Publié
le 24/12/2022 à 06:00
La bonne bouteille
Entre les naturistes endiablés et la garde prétorienne de la bataille des petites annonces, du « pet’nat » (pétillant naturel) et des champagnes (« zéro dosage » et « brut nature », qui signifie simplement sans sucre ajouté), les bouchons risquent de voler bas. Ça sent le soufre et les riffs des repas de famille, où chacun y va de sa propre bouteille et sa détermination donne le canon dès le premier apéritif. Sur le même sujet : Coupons fruits et légumes : « Les aliments sains ne doivent pas être réservés à certaines personnes ». Le choix du vin divin est un sujet de dispute théologique.

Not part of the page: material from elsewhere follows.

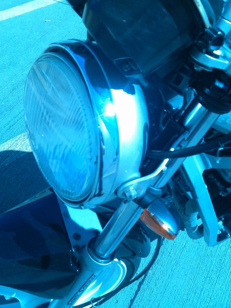 I let her take a nap going 40 mph on the side of the freeway in the bumpy grass after acting like a dual sport for a few seconds. Damage to the bike was not too terrible, other than some minor scratches to my brand new paint job, the only damage was the left bracket for the headlight got pretty dang bent up, and the light popped out a little bit.

Les sulfates sont sortis dès le départ. La poussée est assurée par Pierre Guigui. L’homme ne peut être suspecté d’être contre nature. Fondateur du Concours International des Vins Bio, organisateur des salons Buvons Terroirs et Pantin Boit Bio, responsable de la collection Le Savoir Boire aux Éditions Apogée et auteur d’une trentaine d’ouvrages (dont Le Vin nature au-delà des modes, avec Sophie Brissaud), son vin programme est de faire pâlir les semeurs de chimio. Mais cet œnologue ne cède pas : « Quand il y a ambiguïté, il y a loup. Seules 400 cuvées sont des vins certifiés selon la méthode naturelle, le seul label qui garantit et vérifie qu’ils sont bio et ne dépassent pas 30 mg de soufre. Minimum syndical. Mais des milliers de fabricants se prétendant « naturels », méfiants, non ?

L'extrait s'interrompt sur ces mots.